═════ Data supplied ═════
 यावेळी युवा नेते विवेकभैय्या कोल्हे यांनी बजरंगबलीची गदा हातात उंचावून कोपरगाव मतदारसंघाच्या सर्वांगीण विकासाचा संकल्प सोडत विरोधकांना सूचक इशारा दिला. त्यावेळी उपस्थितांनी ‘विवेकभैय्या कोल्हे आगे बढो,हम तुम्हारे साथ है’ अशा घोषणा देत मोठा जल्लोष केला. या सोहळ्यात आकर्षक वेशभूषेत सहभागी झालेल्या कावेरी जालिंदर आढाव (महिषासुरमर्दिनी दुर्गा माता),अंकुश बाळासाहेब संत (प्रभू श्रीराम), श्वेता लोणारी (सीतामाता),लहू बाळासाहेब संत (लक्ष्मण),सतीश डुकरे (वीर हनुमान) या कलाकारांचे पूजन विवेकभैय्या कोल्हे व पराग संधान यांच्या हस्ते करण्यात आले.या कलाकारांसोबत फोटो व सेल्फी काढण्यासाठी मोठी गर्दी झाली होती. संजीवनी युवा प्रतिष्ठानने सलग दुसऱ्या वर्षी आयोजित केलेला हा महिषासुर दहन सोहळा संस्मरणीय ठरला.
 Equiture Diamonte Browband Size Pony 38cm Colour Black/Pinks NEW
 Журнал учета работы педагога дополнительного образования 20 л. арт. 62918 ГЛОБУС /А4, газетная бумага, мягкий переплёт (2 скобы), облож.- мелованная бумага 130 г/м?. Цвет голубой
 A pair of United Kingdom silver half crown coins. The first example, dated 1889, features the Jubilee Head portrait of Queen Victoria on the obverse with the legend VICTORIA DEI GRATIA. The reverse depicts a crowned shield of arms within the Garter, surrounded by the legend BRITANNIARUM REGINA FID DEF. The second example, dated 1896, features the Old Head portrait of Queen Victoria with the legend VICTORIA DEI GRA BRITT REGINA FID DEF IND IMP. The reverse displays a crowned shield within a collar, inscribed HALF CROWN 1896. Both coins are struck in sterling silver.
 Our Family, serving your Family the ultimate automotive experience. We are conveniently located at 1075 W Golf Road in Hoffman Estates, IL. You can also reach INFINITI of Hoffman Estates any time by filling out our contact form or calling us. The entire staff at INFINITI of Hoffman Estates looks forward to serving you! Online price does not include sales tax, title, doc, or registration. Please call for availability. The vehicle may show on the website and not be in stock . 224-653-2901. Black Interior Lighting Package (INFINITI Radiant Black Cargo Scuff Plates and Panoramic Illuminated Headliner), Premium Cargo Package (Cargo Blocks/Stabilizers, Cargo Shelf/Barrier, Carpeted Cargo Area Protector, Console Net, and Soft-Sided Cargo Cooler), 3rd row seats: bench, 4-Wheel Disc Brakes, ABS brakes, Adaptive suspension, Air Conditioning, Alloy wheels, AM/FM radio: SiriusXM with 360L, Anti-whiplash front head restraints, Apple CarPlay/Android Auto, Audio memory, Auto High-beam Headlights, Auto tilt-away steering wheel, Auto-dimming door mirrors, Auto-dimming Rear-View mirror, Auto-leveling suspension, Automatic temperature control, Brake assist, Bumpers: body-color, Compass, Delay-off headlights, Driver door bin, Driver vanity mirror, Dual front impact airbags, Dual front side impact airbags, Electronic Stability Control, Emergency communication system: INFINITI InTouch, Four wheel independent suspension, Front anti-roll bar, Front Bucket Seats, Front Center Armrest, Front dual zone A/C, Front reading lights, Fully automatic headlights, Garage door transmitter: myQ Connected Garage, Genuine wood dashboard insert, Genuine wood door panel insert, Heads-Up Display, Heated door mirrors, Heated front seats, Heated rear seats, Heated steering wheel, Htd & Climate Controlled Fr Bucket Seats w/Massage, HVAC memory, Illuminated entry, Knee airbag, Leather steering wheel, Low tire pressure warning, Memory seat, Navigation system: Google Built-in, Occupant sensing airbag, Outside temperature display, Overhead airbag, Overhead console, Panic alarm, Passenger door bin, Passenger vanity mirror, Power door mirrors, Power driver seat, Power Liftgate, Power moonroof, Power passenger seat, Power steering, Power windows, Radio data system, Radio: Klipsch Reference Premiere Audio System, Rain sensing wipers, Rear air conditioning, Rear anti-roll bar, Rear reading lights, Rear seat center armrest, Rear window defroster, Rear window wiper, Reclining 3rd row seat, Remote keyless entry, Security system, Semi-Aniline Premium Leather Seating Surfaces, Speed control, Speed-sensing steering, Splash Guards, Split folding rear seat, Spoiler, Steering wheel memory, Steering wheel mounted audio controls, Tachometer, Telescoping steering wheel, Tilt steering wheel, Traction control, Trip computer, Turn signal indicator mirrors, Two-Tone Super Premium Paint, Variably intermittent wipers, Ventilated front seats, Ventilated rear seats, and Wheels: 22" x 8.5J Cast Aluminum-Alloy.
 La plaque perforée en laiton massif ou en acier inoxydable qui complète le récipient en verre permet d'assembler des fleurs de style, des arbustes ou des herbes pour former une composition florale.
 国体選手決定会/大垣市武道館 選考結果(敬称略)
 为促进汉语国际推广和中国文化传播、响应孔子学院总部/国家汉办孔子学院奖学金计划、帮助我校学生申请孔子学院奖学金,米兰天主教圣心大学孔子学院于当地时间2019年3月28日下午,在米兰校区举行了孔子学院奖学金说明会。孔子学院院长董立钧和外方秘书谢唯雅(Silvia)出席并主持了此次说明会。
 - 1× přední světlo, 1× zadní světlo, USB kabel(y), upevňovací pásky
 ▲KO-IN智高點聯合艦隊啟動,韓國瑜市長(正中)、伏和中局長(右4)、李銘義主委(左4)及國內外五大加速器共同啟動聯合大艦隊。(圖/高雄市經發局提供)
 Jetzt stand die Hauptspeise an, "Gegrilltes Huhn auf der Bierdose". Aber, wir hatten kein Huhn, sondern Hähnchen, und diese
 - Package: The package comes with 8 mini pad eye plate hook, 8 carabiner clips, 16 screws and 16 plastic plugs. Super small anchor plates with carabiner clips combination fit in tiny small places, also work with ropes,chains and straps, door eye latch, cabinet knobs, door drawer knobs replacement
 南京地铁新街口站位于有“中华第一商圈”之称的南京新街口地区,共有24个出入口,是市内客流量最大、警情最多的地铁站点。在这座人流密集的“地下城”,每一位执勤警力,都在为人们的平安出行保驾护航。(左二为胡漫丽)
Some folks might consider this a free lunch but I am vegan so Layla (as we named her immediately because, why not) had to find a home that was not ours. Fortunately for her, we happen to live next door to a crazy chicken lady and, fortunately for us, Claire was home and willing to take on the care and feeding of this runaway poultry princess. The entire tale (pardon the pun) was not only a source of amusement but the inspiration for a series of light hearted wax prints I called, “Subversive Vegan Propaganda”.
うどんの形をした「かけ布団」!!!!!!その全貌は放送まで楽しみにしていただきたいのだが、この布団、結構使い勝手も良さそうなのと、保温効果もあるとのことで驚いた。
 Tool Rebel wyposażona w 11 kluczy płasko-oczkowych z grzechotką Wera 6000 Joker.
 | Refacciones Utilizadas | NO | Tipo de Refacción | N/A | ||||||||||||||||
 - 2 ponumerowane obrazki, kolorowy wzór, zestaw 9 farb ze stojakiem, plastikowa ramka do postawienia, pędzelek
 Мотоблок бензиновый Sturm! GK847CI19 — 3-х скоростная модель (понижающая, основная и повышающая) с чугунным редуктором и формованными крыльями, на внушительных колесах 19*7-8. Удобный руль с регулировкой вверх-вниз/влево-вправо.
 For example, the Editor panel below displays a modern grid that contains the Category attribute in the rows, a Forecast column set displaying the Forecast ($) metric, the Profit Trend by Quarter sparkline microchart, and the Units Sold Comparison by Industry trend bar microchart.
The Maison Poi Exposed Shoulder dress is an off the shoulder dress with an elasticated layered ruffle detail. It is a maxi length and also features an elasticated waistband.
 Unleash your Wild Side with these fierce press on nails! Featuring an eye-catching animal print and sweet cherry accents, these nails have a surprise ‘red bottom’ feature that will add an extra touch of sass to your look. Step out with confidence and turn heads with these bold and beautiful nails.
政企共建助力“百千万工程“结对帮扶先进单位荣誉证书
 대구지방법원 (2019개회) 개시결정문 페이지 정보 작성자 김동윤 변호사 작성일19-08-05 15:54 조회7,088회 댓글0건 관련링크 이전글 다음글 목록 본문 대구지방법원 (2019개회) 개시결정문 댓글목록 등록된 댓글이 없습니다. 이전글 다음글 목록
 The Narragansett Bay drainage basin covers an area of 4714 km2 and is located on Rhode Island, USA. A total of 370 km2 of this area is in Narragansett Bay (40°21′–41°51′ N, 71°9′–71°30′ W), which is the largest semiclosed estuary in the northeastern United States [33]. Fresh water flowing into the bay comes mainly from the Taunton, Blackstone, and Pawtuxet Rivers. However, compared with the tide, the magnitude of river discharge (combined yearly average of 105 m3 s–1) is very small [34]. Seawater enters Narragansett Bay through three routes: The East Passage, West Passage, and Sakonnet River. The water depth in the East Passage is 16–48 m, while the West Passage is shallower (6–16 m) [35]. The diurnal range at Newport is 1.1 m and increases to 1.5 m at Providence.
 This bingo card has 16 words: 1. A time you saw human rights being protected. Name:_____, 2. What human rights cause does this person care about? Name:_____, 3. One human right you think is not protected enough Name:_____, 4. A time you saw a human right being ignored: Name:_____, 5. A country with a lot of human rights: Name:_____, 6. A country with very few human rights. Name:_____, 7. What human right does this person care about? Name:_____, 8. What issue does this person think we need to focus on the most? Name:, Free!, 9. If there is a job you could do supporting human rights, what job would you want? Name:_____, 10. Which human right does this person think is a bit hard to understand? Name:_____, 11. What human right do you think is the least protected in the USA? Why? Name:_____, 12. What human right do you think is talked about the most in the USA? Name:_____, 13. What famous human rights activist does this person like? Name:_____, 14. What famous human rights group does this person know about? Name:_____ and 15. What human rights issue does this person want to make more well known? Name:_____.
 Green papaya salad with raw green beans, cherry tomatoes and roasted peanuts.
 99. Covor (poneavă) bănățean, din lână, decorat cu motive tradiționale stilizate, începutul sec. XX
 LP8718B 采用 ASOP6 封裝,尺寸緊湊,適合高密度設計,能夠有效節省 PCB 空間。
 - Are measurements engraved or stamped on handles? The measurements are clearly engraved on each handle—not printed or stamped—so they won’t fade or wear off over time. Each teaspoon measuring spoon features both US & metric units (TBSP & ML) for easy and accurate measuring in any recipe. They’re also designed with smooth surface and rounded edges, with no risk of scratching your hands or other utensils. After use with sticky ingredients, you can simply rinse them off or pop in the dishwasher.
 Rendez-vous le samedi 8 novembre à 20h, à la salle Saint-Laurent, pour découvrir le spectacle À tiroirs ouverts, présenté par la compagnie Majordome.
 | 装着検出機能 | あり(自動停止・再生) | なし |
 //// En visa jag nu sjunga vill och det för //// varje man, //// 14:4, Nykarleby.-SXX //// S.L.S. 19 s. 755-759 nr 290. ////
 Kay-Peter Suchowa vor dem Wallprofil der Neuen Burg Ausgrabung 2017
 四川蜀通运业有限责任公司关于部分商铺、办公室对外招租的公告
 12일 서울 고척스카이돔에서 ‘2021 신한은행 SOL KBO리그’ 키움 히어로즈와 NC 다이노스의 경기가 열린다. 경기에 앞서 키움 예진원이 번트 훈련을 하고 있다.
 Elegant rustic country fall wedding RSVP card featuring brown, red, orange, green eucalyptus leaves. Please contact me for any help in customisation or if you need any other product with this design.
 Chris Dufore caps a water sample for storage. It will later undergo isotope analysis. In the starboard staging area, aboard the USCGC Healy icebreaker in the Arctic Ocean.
═════
How to complete this task — In the entries above, find the line with "The Maison Poi" and the line with "대구지방법원 (2019개회) 개시결정문 페이지", then restate word for word both of them and every line between, with nothing more.

Solution for this exercise —
The Maison Poi Exposed Shoulder dress is an off the shoulder dress with an elasticated layered ruffle detail. It is a maxi length and also features an elasticated waistband.
 Unleash your Wild Side with these fierce press on nails! Featuring an eye-catching animal print and sweet cherry accents, these nails have a surprise ‘red bottom’ feature that will add an extra touch of sass to your look. Step out with confidence and turn heads with these bold and beautiful nails.
政企共建助力“百千万工程“结对帮扶先进单位荣誉证书
 대구지방법원 (2019개회) 개시결정문 페이지 정보 작성자 김동윤 변호사 작성일19-08-05 15:54 조회7,088회 댓글0건 관련링크 이전글 다음글 목록 본문 대구지방법원 (2019개회) 개시결정문 댓글목록 등록된 댓글이 없습니다. 이전글 다음글 목록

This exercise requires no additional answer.